Now, I like Kevin. I think he is a good blogger, knowledgable, and underrated probably due to the fact that he doesn’t scream from the extreme, which I think gives him credibility. I agree with much of what Kevin has to say, particularly when he calls the polling numbers and the past Iraq War funding vote water under the bridge and a natural reaction to the fantasy voters thought they voted into office with the reality of what they got.

It happens every time.

But then, as a parting shot, we get this:

…but I think congressional Dems blew it by caving in to Bush on the war supplemental so quickly. It may well be that they couldn’t have held out forever, but I think there was a big chunk of the public that at least wanted to see them fight harder.

And you know, I get it. I was part of that crowd for a small time too, but never forget who and what I am. I’m not a liberal first. More specifically, I’m a liberal first, but find that only through understanding and playing politics properly can a liberal agenda hope to have any chance of being pushed through. So when the political calculus became apparent, I realized that a brazen showdown between congressional Dems and the White House and the GOP was not in our, meaning liberal, best interest.

What congressional Democrats did was very much akin to ORM, Operational Risk Management, a philosophy carried out, at least, in the Department of the Navy through both its civillian and military employees.

It’s a pretty nifty little process by which you weigh the risks versus the benefits quantitatively and qualitatively, and you decide to act from there. An example was, say you had a dime on your roof. The benefit is that if you go up there and get it, you get a whole ten cents which, when coupled with a few quarters, might buy you a soda. The risks include falling, and breaking something (depending on how big your house is the risk in this area goes up), then there is the risk that you may find your weight being distributed upon a rather weak portion of your roof, putting a hole in it, etc. After identifying all the risks, you find that maybe the dime isn’t worth the loss of life and limb that could possibly ensue.

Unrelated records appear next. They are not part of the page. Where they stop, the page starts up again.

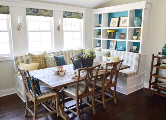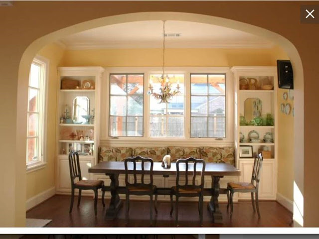 We are going to put floor to ceiling cabinets on either side of the windows and connect them with a bench seat that runs the entire length under the windows. Akin to: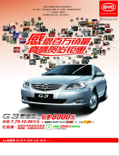 當(dāng)記者走進(jìn)比亞迪A3網(wǎng)某家4S店時(shí),迎面而來的不是一臉愁容的銷售人員,而是被一股股熱浪包圍的旺銷場景,熱鬧的銷售大廳恍如進(jìn)入汽車大賣場,組團(tuán)團(tuán)購、成群圍觀、全家上陣選車成了大廳里的風(fēng)景線。 “從12月10到1月20日,我們比亞迪廠家在全國開展‘感恩百萬銷量 真情賀歲鉅惠’大型優(yōu)惠活動,現(xiàn)在活動馬上就要到期了,大家都搶著購車呢!变N售人員面帶微笑向記者解釋,從他布滿血絲的雙眼看得出,最近4S店加班的次數(shù)不少!澳梢钥纯次覀僄3數(shù)智版豪雅型1.5L MT這款車型,現(xiàn)在鉅惠現(xiàn)金8000元,到20日就截止了”。帶著幾分探究,記者與現(xiàn)場幾位車主攀談起來: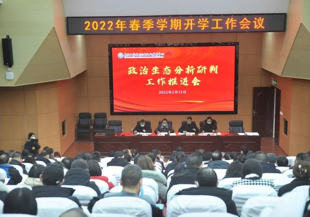 2月13日至2月15日,学校积极部署春季开学新冠疫情应急处置演练,分别召开第一次行政会、2022年春季学期开学和疫情防控工作评估验收筹备会、全体教职工开学工作会。分管领导就新学期工作部署明确思路,围绕“政治生态分析研判”和“湖北省双优学校创建”两大重点,对与会人员进行专题培训,以全局思维统筹谋划发展路径,明确时间节点,细化工作措施。教育局党组成员、校党委书记、校长张红昌勉励大家盯牢目标,抢抓机遇,主动营造风清气正的政治生态,主动融入学校高质量发展大局。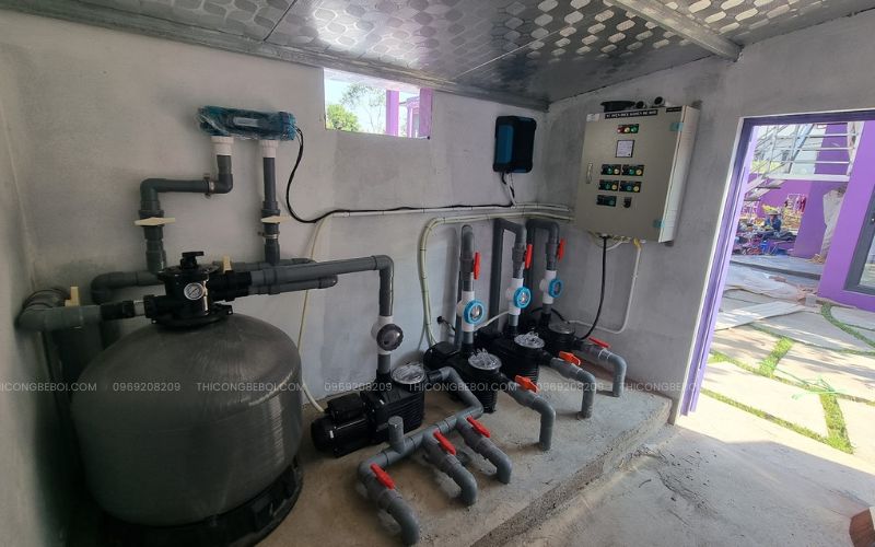Bể sử dụng hệ thống bơm lọc cát, được lựa chọn phù hợp với dung tích bể và nhu cầu sử dụng của gia đình, giúp nước luôn được tuần hoàn và duy trì chất lượng ổn định.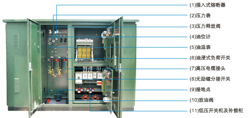 用,這就要求制造廠按不同的用戶需求來設計制造,每個用戶所用的供電變壓器容里、開關回路多少、外圍環(huán)境、布置方式等均有差異。由于變壓器安裝在戶外的箱體中,戶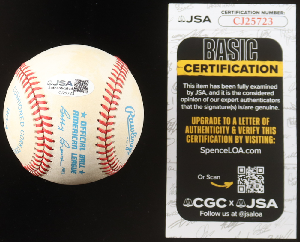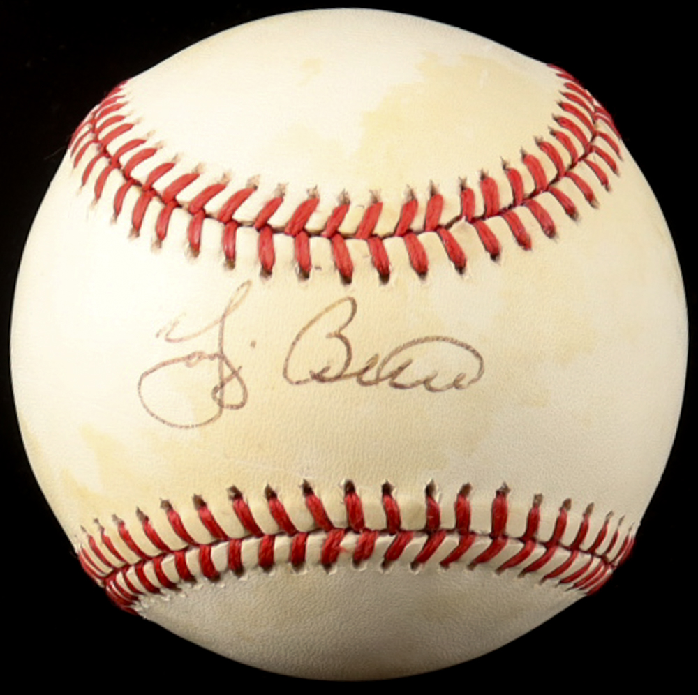 Rawlings Official American League Baseball. Hand-signed by Yogi Berra (D. 2015, New York Yankees, HOF). Please note, the baseball is naturally toning and stained.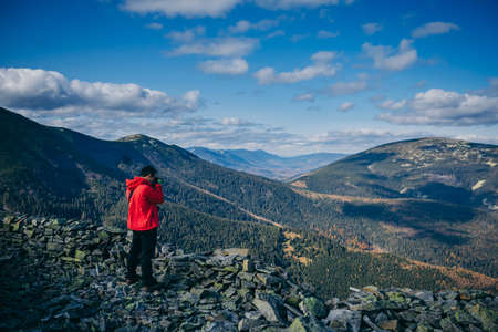 Woman hiker in yellow jacket with backpack hiking green forest and mountains at sunny autumn day.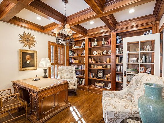 - Interior: 10 ft+ Ceil Main, 2-Story Foyer, Entrance Foyer, Bookcases, Exposed Beams
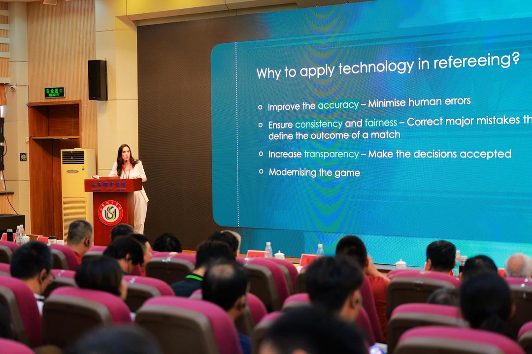 在六场分会报告中,日本足球协会中村大辅(Daisuke Nakamura)、北京体育大学教授李春满等专家学者从足球科技创新交流和校园足球交流等方面进行了详细阐述,为足球可持续发展战略制定提供新视角,凸显了研究的实践价值与理论贡献。
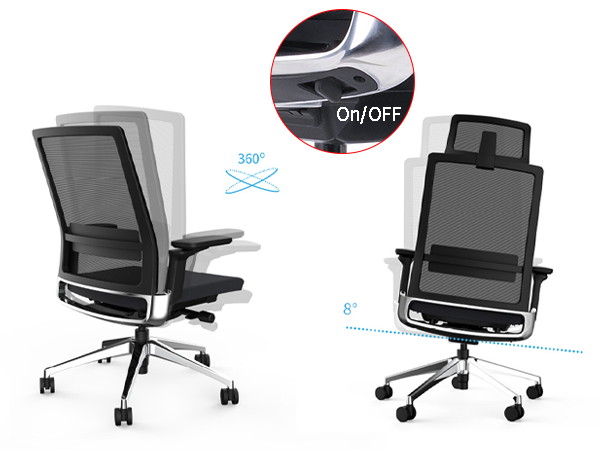 用家亦可以解除傾仰鎖定,自由地向後傾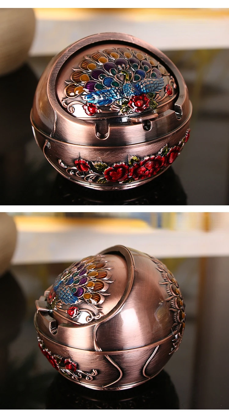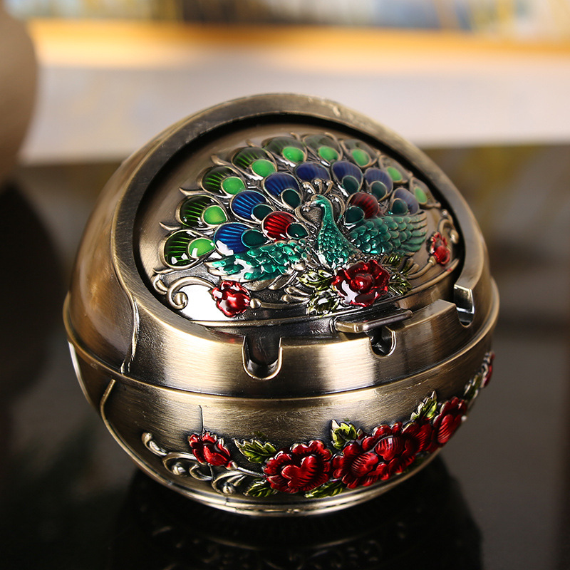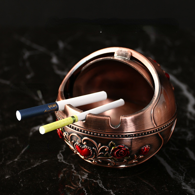 Retro Home Ashtray Creative Personality with Cover Metal Multi-function Office Living Room Anti-flying Ash Decoration Gift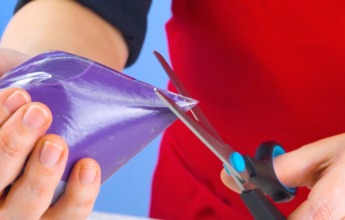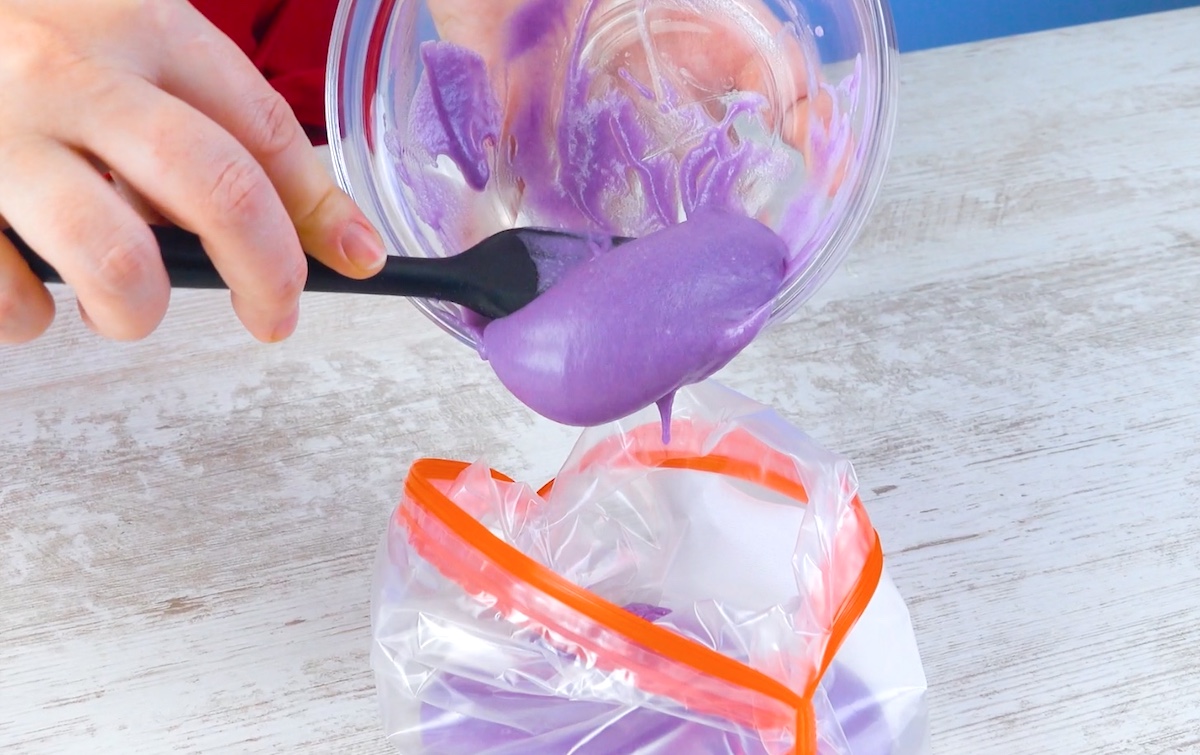3.2 Répartissez la masse uniformément dans 6 bols et teintez chaque masse différemment. Versez ensuite les masses colorées dans un sachet refermable. Découpez ensuite un des coins inférieurs de chaque sachet.

ORM even comes with color coded cards.

The point here is this is exactly what happened when congress opted out of timelines for funding.

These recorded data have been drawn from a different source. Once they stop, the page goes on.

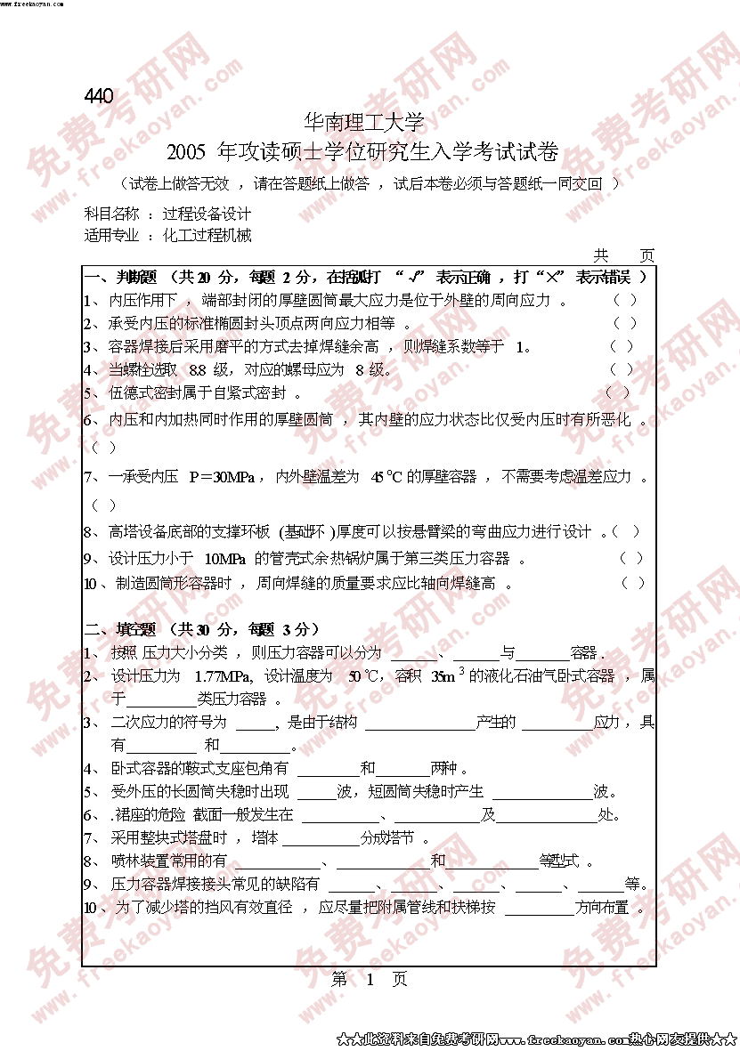 华南理工大学2005年考研真题-过程装备腐蚀与防护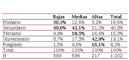 Por último, aquí se consideran dos variables sociológicas clásicas como variables independientes: género y condición de clase. La variable género se construyó a partir de la siguiente pregunta del cuestionario: ¿Cuál es tu género? Marcá una sola opción: 1) Mujer; 2) Varón; 3) Otro[9]. Para la variable condición de clase, se construyó una variable de tres categorías (clases bajas, clases medias y clases altas), considerando las modalidades de estratificación del sistema escolar (Gamallo 2015), que coinciden con indicadores de capital cultural (nivel educativo del núcleo familiar) y capital económico (ocupación del núcleo familiar), tomando la propuesta metodológica de Pierre Bourdieu (1979) en línea con trabajos previos (Kriger y Dukuen 2012)[10]. La Tabla 1 muestra que el nivel educativo es mayor a medida que se pasa de clases bajas a medias y a altas: en las escuelas de clases bajas el 79,9% de las madres posee estudios primarios o secundarios; en las escuelas de clases medias el 60,6% de las madres posee estudios secundarios o terciarios; en las escuelas de clases altas el 59% de las madres posee estudios universitarios o de posgrado. Y esta asociación entre condición de clase y nivel educativo es estadísticamente significativa, fuerte y positiva.[11]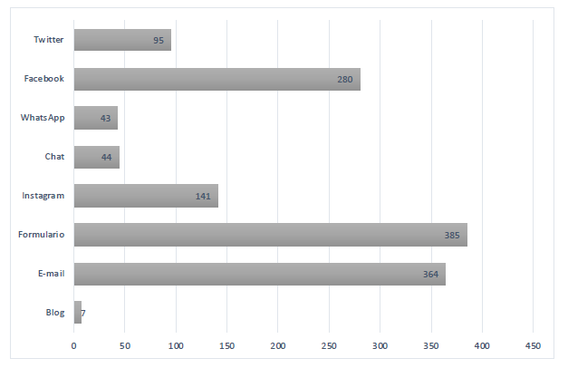 En primer lugar, se observa en 199 de los sitios web identificados como interactivos que a través de ellos se realiza únicamente una comunicación a partir de formularios de contacto y/o correo electrónico, lo cual, de acuerdo con lo expuesto en la teoría es una comunicación asincrónica. Esto indica que, en estos municipios, los sitios web de e-gobierno no tienen la posibilidad de tener una comunicación en tiempo real entre el ciudadano y el servidor público, a pesar de ser definidos como interactivos. En segundo lugar, se observó en el resto de los sitios web interactivos, los cuales son 282, que adicionalmente a los elementos de comunicación asincrónica, tienen funciones de comunicación que se encuentran integrados en la plataforma, tales como chat y foros para una comunicación en tiempo real, así como, elementos de comunicación no integrados a ellas, como redes sociales, entre las que dominan Messenger Facebook y WhatsApp, mismos que, permiten una comunicación sincrónica y/o en tiempo real, el resto de casos cuentan con Twitter e Instagram, entro otros medios de comunicación masivos.

Benefit: We put a definitive end to the war, and back home congressional Dems are welcomed with tickertape parades.


-Drop in approval due to Republican success at spinning that Democrats don’t support the troops. Okay, at first to pay heed to this risk may seem like selling out or a lack of a rigid spine, but there is more to it. On one hand, it is about keeping your job, and let’s face it, we all want to keep our jobs right? But on the other hand, the thing that you have to keep in mind is that battles like this are about support, and for those of you who are active in the political process to one degree or another, follow Mr. M’s second rule to politics; Just because you have your opinion, do not think you are in the majority.

Let’s read THE SECOND PAGE of the report that Kevin cites, shall we?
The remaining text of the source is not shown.